● Exercise goal
Exclude all pictures. Then restate, word for word, the entries from the first line through the line that contains "Cracks, dents, and".

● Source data
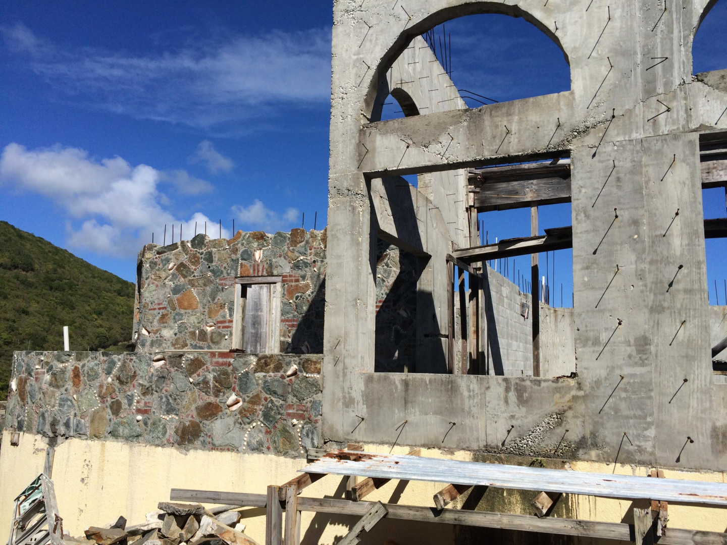A must see and priced to sell! Live in the finished downstairs 3 bedroom / 2 bath with kitchen dining and living room while completing the upper level to your taste! Multiple floor plan scenerios: there could also be two separate apartments in the lower level. Panoramic views of Rendezvous Bay, Ditleff Point, South Shore of St John and the Caribbean Sea and beyond. Property being sold as is / where as. Buyer to pay stamp tax.
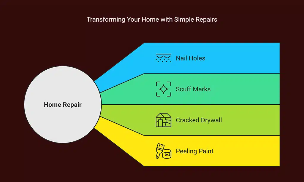 Cracks, dents, and nail holes can suggest neglect. Fixing these issues helps your home look move-in ready.
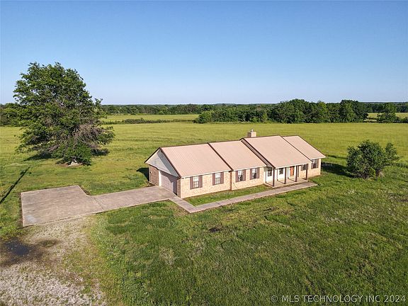 100 ACRES!! Beautiful custom built home located East of Checotah in McIntosh County. This spacious home has large living room with a fireplace. Formal dining room with access to covered patio. Pretty kitchen with appliances and large window allowing lots of light and beautiful views, kitchen nook AND spacious pantry. There are three bedrooms and two bathrooms. Master bedroom is spacious with private bathroom and walk in closet. Laundry room AND mud room. Attached two car garage. 60 X 32 metal shop building with 15 ft open area, one roll up 14 ft door and two walk in doors. Cellar. Home sits on 100 BEAUTIFUL ACRES. Two nice ponds. Barb wire fencing. Come enjoy the quiet country where you can relax, fish or just sit and watch wildlife from nice covered front porch or covered back patio. Schedule your private tour today!!!
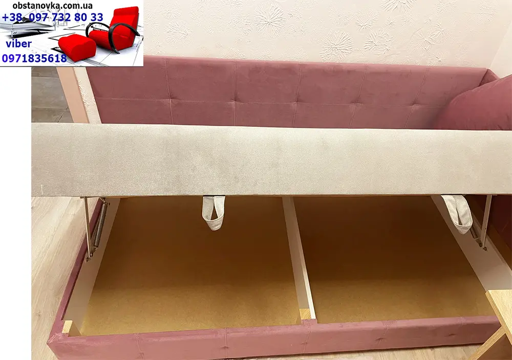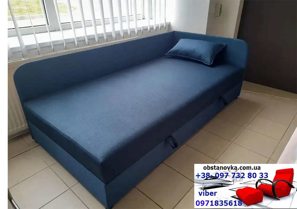 Ліжко Ліра - якісний односпальний диван для повсягденного сну на підйомному механізмі дитині і дорослому. Ліжка підтримуються у складській програмі. Диван має високий зручний матрас "антихолод" . на основі пружинного блоку. Каркас дивану посилений за рахунок, так заваного, цільного брусу "золотий стандарт" 60 мм * 45 мм. Дивани ліжка виготовляються з шириною спального місця 80 см, 90 см і 100 см Габаритні розміри дивану з шириною спального місця 80 см: ціна 8 070 грн Довжина 202 см глибина 82 см. Розмір спального місця ширина 80 см довжина 200 см. Габаритні розміри дивану з шириною спального місця 90 см: ціна 8 320 грн Довжина 202 см глибина 92 см. Розмір спального місця ширина 100 см довжина 200 см. Габаритні розміри дивану з шириною спального місця 100 см: ціна 8 570 грн. Довжина 202 см глибина 102 см. Розмір спального місця ширина 100 см довжина 200 см. Диван має матрас "антихолод" - високий (20-22 см), з використанням енергозберігаючих матервалів. Матрас дивану виконаний на основі ортопедичного пружинного блоку "бонель". Пружинний блок "бонель", на відміну від інших пружинних блоків, "не просідає" під час експлуатації, Пружини у такому блоці не зчеплені між собою і не "тягнуть одна одну" при пошкодженні(просіданні) однієї з пружин. Склад матрасу: пружинний блок "бонель", пенопуліуретан (ортопедичне ППУ), щільна технічна тканина, що не пропускає холод знизу), синтапон для пом'якшення, войлок (натуральна вовняна тканина). Кровать витримує навантаження до 120 кг. Кровать має високу "посадку"- 45 - 46 см від підлоги. Система раскладки дивану на підйомному механизмі.. У комплекті з диваном йде меблева подушка. По всій довжині дивану вмістка ніша для речей і білизни, яка поділена на сектори. Великий вибір кольрової гами обивки різних за фактурою тканин. При бажанні, ліжко може бути виконано у двох кольрах: спальне місце одного нольору, а боковини і низ іншого. Дивани доставляються у розкладеному вигляді з усіма комплектуючими для збирання.
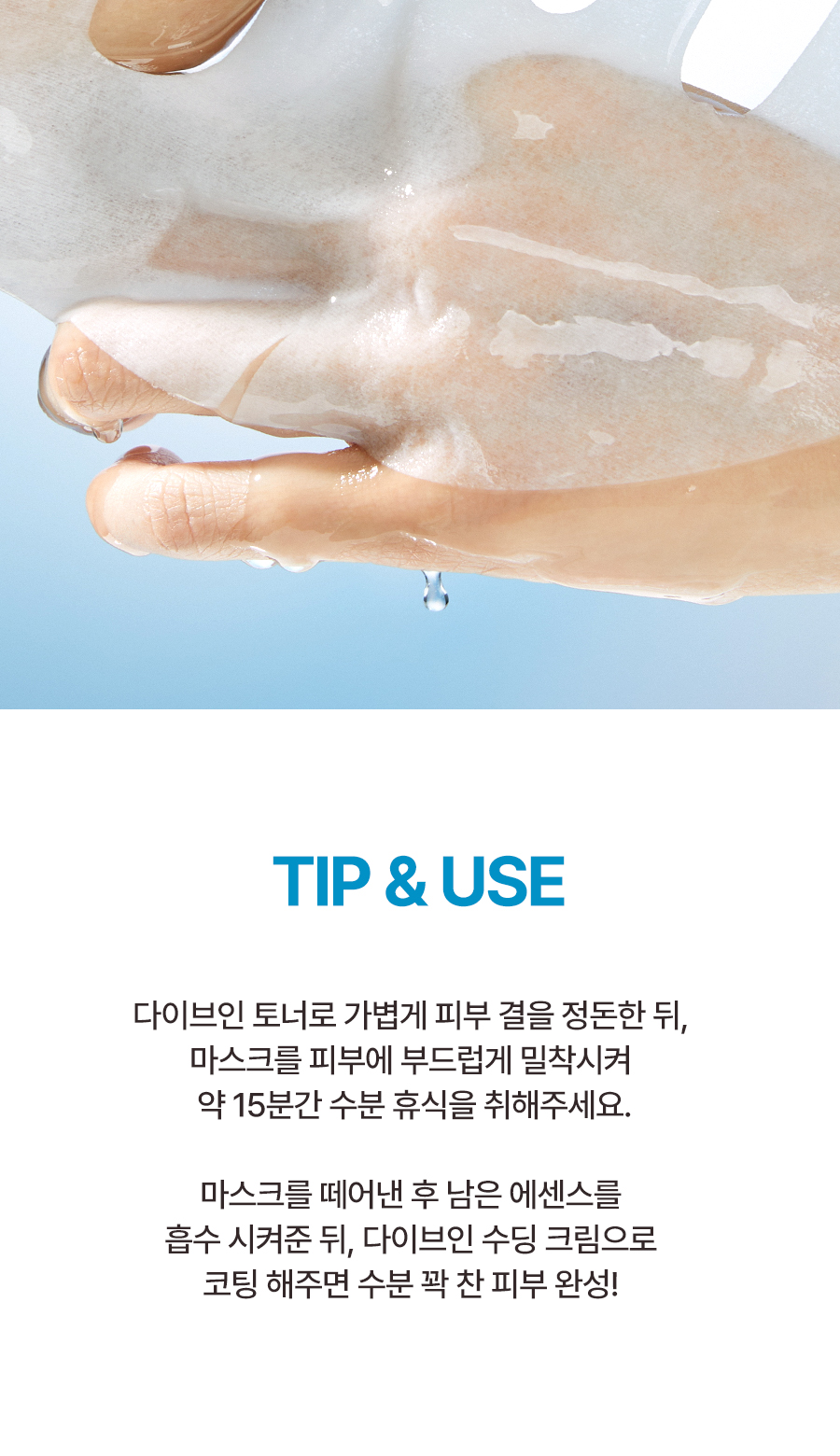 사용방법 1. 세안 후 마스크를 얼굴에 고르게 붙여 밀착합니다. 2. 15~20분 후 마스크를 떼어낸 후 남은 에센스를 가볍게 두드려 흡수시킵니다.

● Output for this task
A must see and priced to sell! Live in the finished downstairs 3 bedroom / 2 bath with kitchen dining and living room while completing the upper level to your taste! Multiple floor plan scenerios: there could also be two separate apartments in the lower level. Panoramic views of Rendezvous Bay, Ditleff Point, South Shore of St John and the Caribbean Sea and beyond. Property being sold as is / where as. Buyer to pay stamp tax.
 Cracks, dents, and nail holes can suggest neglect. Fixing these issues helps your home look move-in ready.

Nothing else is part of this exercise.